- [PROBLEM STATEMENT]: In the material below, the lines between the one holding "Beautiful assortment of" and the one holding "Según mis cuentas, hasta", inclusive, are to be set down word for word. Pictures stay out.

- [THE DATA]:
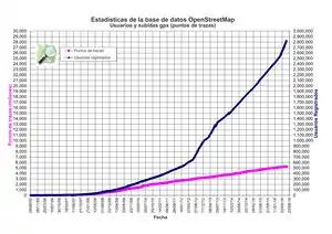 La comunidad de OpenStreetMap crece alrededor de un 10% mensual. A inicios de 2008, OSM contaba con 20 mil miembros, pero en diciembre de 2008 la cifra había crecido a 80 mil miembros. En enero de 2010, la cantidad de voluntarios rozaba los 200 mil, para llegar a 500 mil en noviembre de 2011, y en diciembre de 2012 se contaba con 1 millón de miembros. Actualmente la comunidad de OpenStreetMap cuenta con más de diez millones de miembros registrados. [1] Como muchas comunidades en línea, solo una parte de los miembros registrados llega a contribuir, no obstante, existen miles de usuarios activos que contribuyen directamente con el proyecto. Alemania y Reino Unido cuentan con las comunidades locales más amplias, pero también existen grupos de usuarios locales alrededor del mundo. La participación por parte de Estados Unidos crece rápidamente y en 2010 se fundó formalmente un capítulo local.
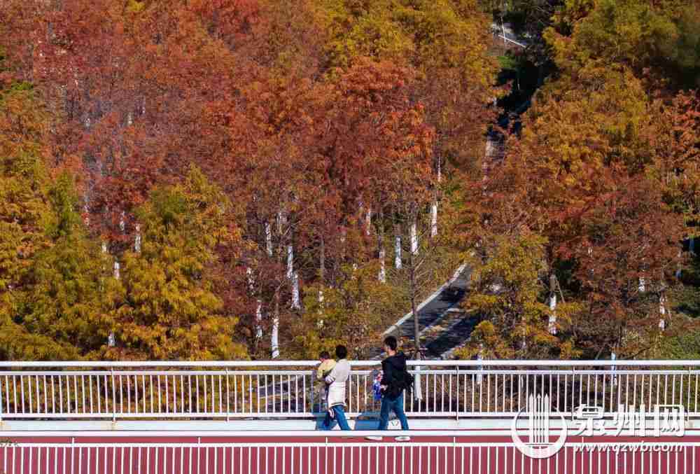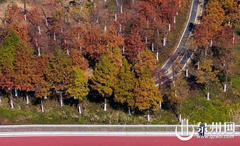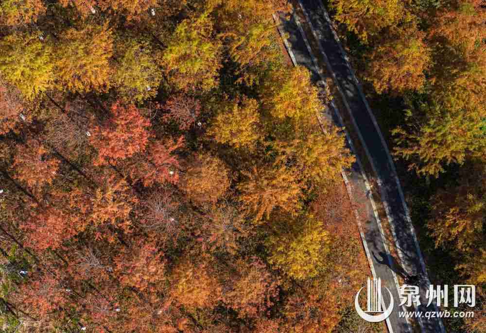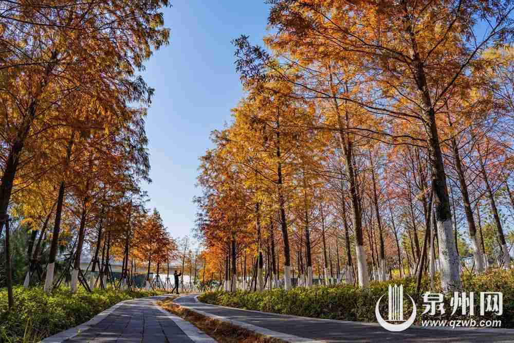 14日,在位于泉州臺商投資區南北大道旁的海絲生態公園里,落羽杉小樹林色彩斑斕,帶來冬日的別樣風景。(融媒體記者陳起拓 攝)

==

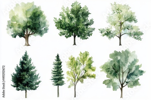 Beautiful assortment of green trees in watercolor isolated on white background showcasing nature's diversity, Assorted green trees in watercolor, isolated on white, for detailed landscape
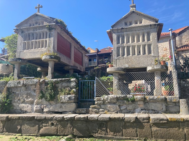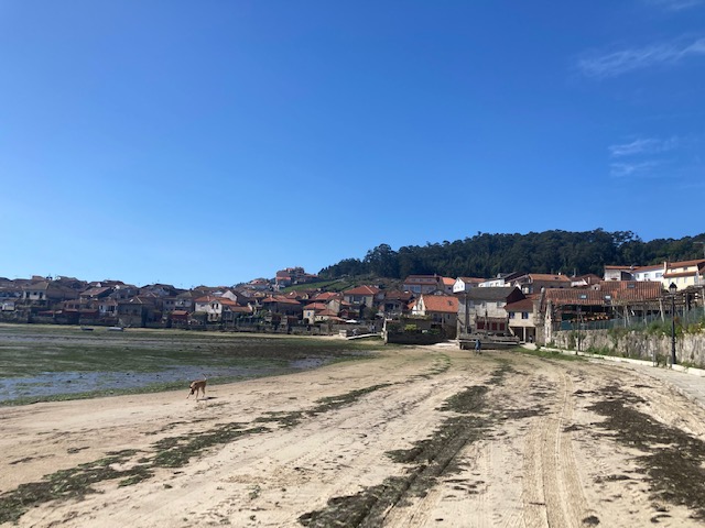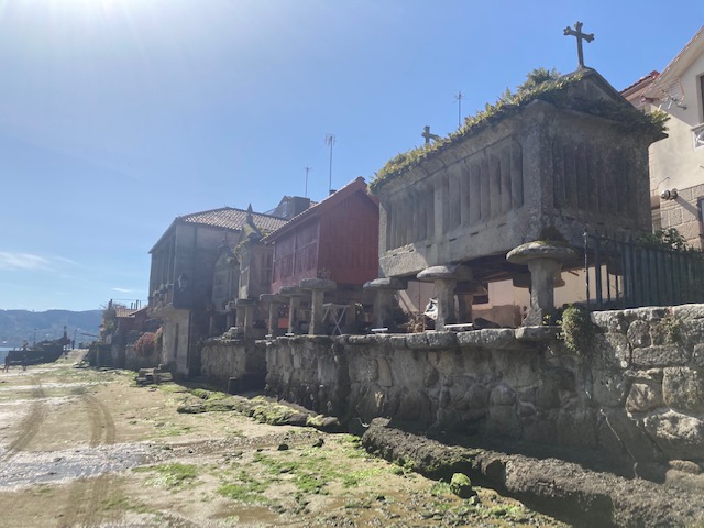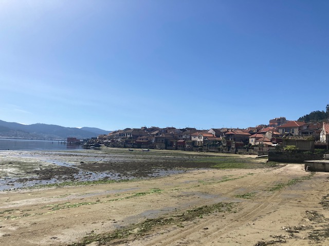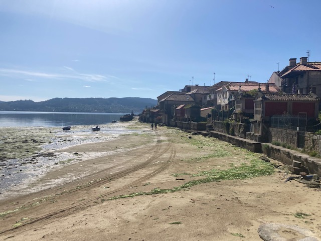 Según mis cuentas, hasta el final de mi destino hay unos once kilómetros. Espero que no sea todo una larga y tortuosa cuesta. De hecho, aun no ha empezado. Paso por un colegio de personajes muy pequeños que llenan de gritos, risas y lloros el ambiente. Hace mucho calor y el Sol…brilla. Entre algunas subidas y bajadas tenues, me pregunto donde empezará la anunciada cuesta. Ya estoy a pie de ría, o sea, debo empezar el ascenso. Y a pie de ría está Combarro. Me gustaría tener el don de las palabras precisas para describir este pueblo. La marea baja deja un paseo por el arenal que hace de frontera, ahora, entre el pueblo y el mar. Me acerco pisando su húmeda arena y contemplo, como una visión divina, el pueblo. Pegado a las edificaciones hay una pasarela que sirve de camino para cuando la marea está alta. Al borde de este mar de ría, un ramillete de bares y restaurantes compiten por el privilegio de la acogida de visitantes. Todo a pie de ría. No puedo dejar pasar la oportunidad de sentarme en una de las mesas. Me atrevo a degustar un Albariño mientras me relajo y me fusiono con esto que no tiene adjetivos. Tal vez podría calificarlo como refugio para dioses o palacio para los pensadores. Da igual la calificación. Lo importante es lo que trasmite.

* * *

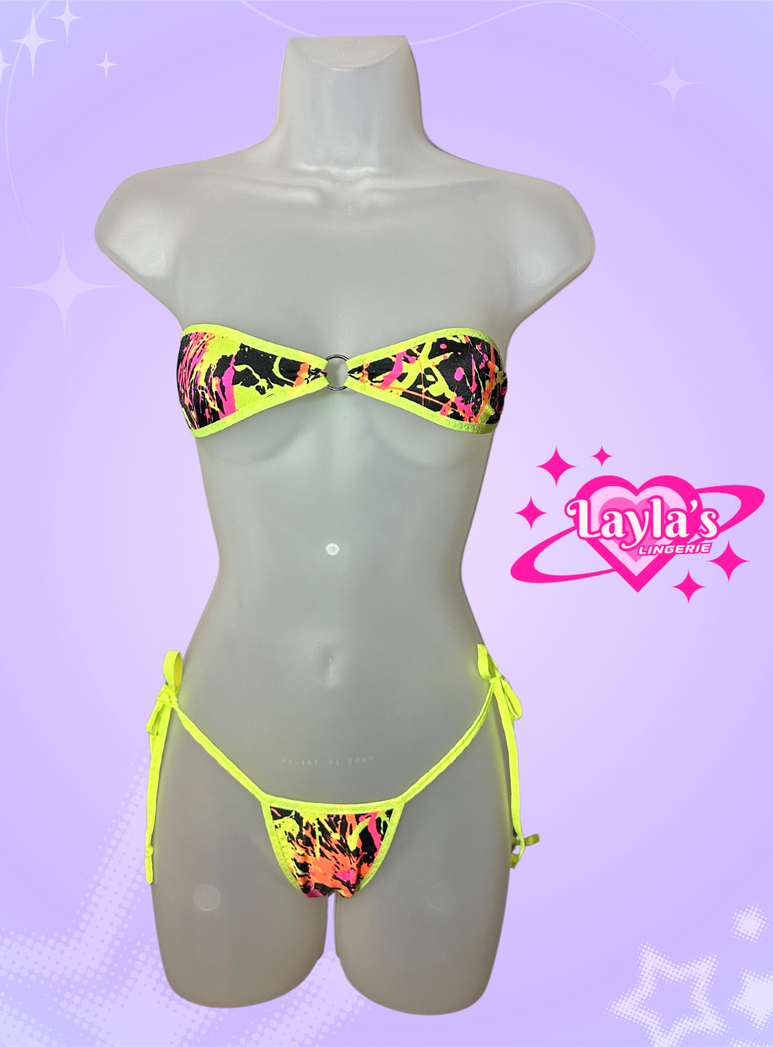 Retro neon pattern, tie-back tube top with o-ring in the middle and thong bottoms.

- [WORKED SOLUTION]:
 Beautiful assortment of green trees in watercolor isolated on white background showcasing nature's diversity, Assorted green trees in watercolor, isolated on white, for detailed landscape
 Según mis cuentas, hasta el final de mi destino hay unos once kilómetros. Espero que no sea todo una larga y tortuosa cuesta. De hecho, aun no ha empezado. Paso por un colegio de personajes muy pequeños que llenan de gritos, risas y lloros el ambiente. Hace mucho calor y el Sol…brilla. Entre algunas subidas y bajadas tenues, me pregunto donde empezará la anunciada cuesta. Ya estoy a pie de ría, o sea, debo empezar el ascenso. Y a pie de ría está Combarro. Me gustaría tener el don de las palabras precisas para describir este pueblo. La marea baja deja un paseo por el arenal que hace de frontera, ahora, entre el pueblo y el mar. Me acerco pisando su húmeda arena y contemplo, como una visión divina, el pueblo. Pegado a las edificaciones hay una pasarela que sirve de camino para cuando la marea está alta. Al borde de este mar de ría, un ramillete de bares y restaurantes compiten por el privilegio de la acogida de visitantes. Todo a pie de ría. No puedo dejar pasar la oportunidad de sentarme en una de las mesas. Me atrevo a degustar un Albariño mientras me relajo y me fusiono con esto que no tiene adjetivos. Tal vez podría calificarlo como refugio para dioses o palacio para los pensadores. Da igual la calificación. Lo importante es lo que trasmite.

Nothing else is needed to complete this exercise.